● SUPPLIED DATA
+++

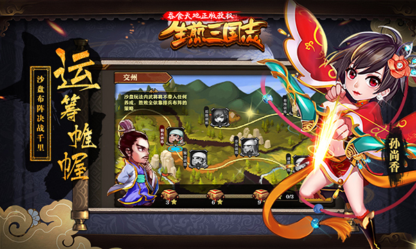 吞食天地正版授权《生煎三国志》将于2017年8月21日10点删档测试燃情开启!还原经典,再现热血,激情燃起,约战今朝! 在此次删档测试中,新增神兵系统,神兵的养成激活武将武器的光效并增可加武将属性和技能效果;世界聊天与军团聊天系统;体力补领功能;增加改名功能,首次免费;优化界面与部分系统等,三国再临,梦回东汉,成王败寇,由你决定! ![]() 【 武将养成 -- 三国名将尽收麾下 】 睿智如诸葛,忠义如关羽,最是潇洒小周郎,气团山河大曹操。经典三国武将再临战场,侠骨豪情,彰显英勇战力!武将的性格分为智、勇、仁、义、信五类,同性格武将培养会获得更高的属性加成;武将可通过碎片完成升星蜕变;统领兵种养成实现武将进阶,升官晋爵,称霸三国! ![]() 【 排兵布阵 -- 天命羁绊策略对决 】 武将之间拥有天命羁绊,合理搭配提升主公阵营战斗力。武将分四个兵种,水雷火光暗五行,速度与五行布阵乃制胜法宝。不仅强调培养的过程,也强调侧重排兵布阵的体验,让你第一时间领略多武将战斗的乐趣。 ![]() 【 封疆守土 -- 问鼎天下勇夺江山 】 世界地图,不断征伐,快意恩仇,强将对垒,谁将尽享丰厚奖励?在城池林立的世界地图上攻城略地,通过不断征伐掠得资源,争当世界霸主! ![]() 【 运筹帷幄 -- 沙盘布阵决战千里】 独创烧脑一血玩法!胜败全靠运筹帷幄,排兵布阵,策士武将合理搭配!通关烧脑关卡赢取高智商IQ200头像,挑战智商上限。 ![]() 【 南征北战 — 调兵遣将智取千军 】 决战竞技之巅!勇武场将淋漓彰显主公智慧,争当最强王者,英雄与声望尽收囊中。经典三国剧情神还原,重返经典战场,逐鹿中原,谁与争锋! ![]() |
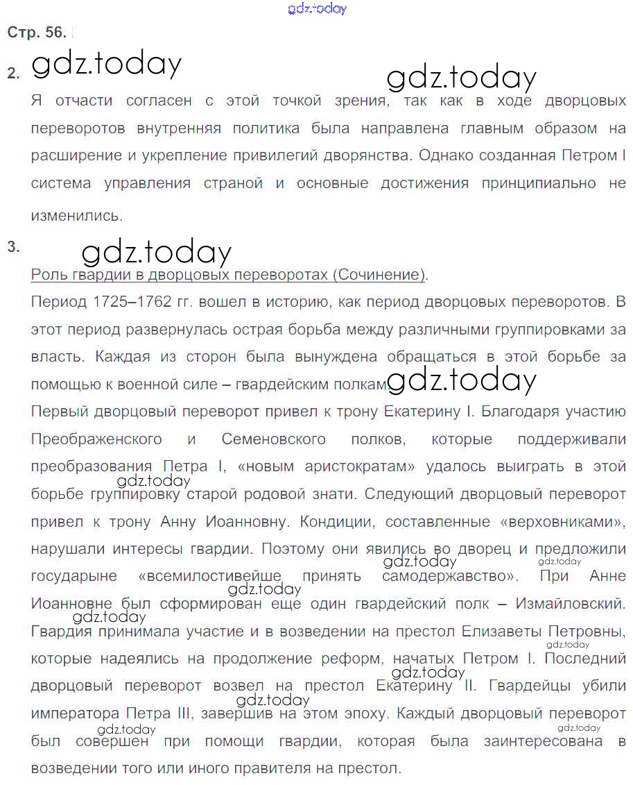 На страницах сайта gdz.today вы найдете учебный и вспомогательный материал, направленный на улучшения знаний школьной программы. ГДЗ - онлайн мир знаний Страницы (решение) 56 Рабочей тетради по Истории России для 8 класса Гевуркова Экзамен УМК 2018
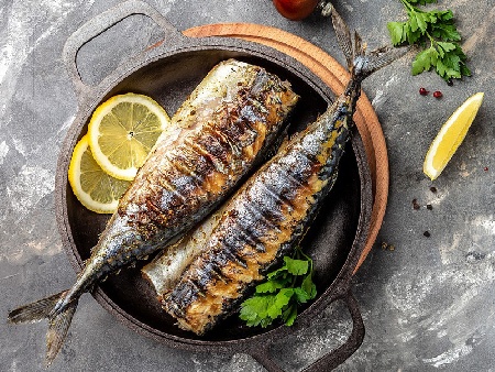 Рецепта:Скумрията се почиства и измива. От всяка страна се правят 3-4 диагонални разреза. Подправя се със сол, черен пипер и лимонов сок. В малка купа се разбъркват подправките и се добавя малко зехтин. Рибата се натрива със сместа и се оставя да се маринова за поне 30 минути. Скарата се загрява и скумрията се пече около 6-7 минути и от двете страни до готовност. |
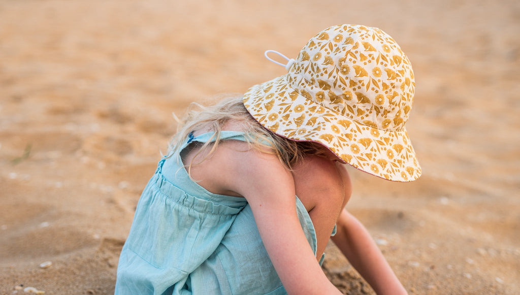 The Fields of Gold Wide Brim Sunhat is the perfect hat to go with everything this summer. A stunning golden Australian native flora print on the outside and a pink and white polka dot print in the inner brim.

+++

The lines from the one holding "Рецепта:Скумрията се почиства" through the end of the material above are to be echoed exactly, both ends included. Do not include pictures.

● YOUR RESPONSE
 Рецепта:Скумрията се почиства и измива. От всяка страна се правят 3-4 диагонални разреза. Подправя се със сол, черен пипер и лимонов сок. В малка купа се разбъркват подправките и се добавя малко зехтин. Рибата се натрива със сместа и се оставя да се маринова за поне 30 минути. Скарата се загрява и скумрията се пече около 6-7 минути и от двете страни до готовност. |
 The Fields of Gold Wide Brim Sunhat is the perfect hat to go with everything this summer. A stunning golden Australian native flora print on the outside and a pink and white polka dot print in the inner brim.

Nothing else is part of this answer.